ABOUT THIS TASK: Print, exactly as written, the line in the entries below that contains "- OPORY PRZEDNIE" and every line after it up to and including the last. Omit pictures.

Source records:
------------------------------------------------------------
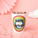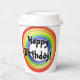 Konzentrische, dreidimensionale Kreise, in lila, blau, grün, gelb, orange und rot, werden auf zwei Seiten des Bechers dupliziert. Im Mittelpunkt der beiden Sets steht der Text "Happy Birthday!". Schwarzer Text hat einen weißen Hintergrundschatten.
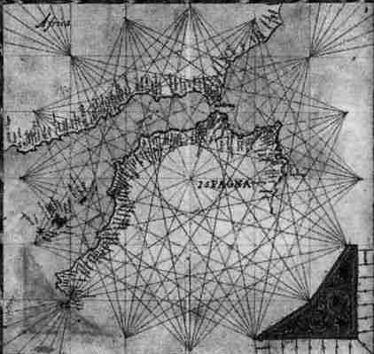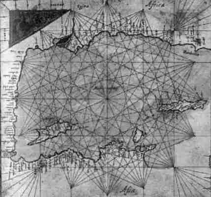 Рис. 33. Старая перевернутая карта части Средиземного моря. Портолан генуэзца Пьетро Весконте (Pietro Vesconte), якобы XIV века [1468]. Север — внизу, восток — СЛЕВА. Вероятно, поэтому восток и назывался ранее LEVANT, то есть расположенный СЛЕВА. Взято из [1468], карта 4.
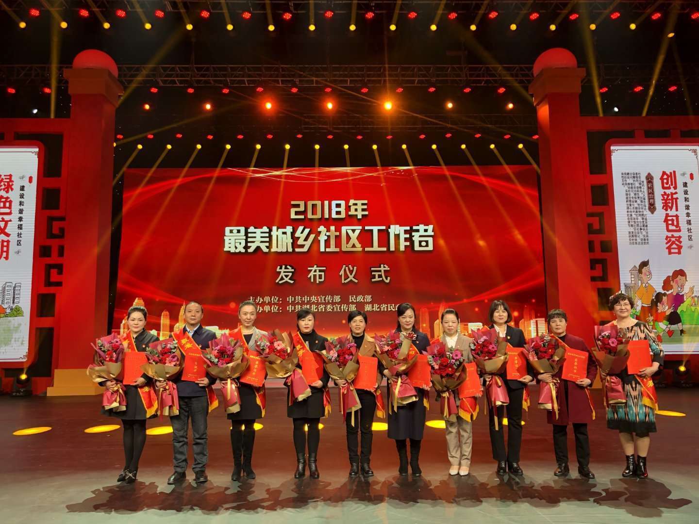2月24日上午,由中共中央宣传部、民政部主办,中共湖北省委宣传部、湖北省民政厅承办的2018年“最美城乡社区工作者”发布仪式在汉举行。发布仪式现场播放了10位“最美城乡社区工作者”先进事迹的视频短片,从不同侧面采访讲述了他们的工作生活感悟。中共中央宣传部副部长梁言顺、民政部副部长詹成付出席发布仪式,并为10位“最美城乡社区工作者”颁发证书。湖北省委常委、宣传部长王艳玲,湖北省民政厅厅长柳望春、副厅长叶景丽出席发布仪式。
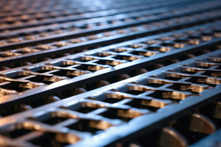 Close up of metal grating in warehouse. Selective focus. Toned.
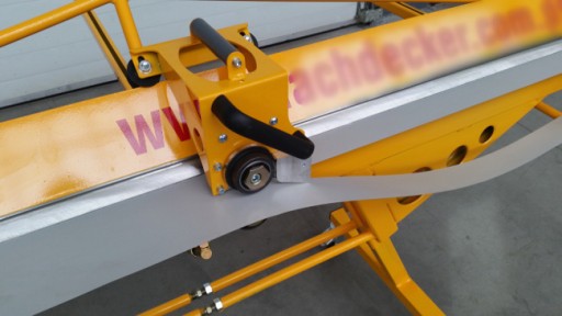 - OPORY PRZEDNIE – pozwalają ustawić szerokość cięcia od przodu zaginarki. Konstrukcja oporów pozwala na obrócenie ich o 180° oraz ich powrót w to samo położenie. Bardzo przydatne do cięcia blach seryjnie. Ograniczniki przednie stosuje się w pracach powtarzalnych. Zachowują one wielokrotnie ten sam wymiar długościowy ciętej blachy. Szybki i dokładny pomiar ciętej blachy można uzyskać poprzez wykorzystanie zainstalowanej miarki.
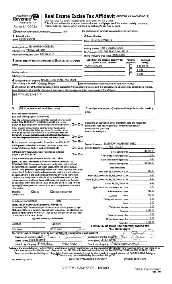 | | | | | Taxes w/o Exemptions: | N/A | | |
------------------------------------------------------------
RESULT FOR THIS EXERCISE:
 - OPORY PRZEDNIE – pozwalają ustawić szerokość cięcia od przodu zaginarki. Konstrukcja oporów pozwala na obrócenie ich o 180° oraz ich powrót w to samo położenie. Bardzo przydatne do cięcia blach seryjnie. Ograniczniki przednie stosuje się w pracach powtarzalnych. Zachowują one wielokrotnie ten sam wymiar długościowy ciętej blachy. Szybki i dokładny pomiar ciętej blachy można uzyskać poprzez wykorzystanie zainstalowanej miarki.
 | | | | | Taxes w/o Exemptions: | N/A | | |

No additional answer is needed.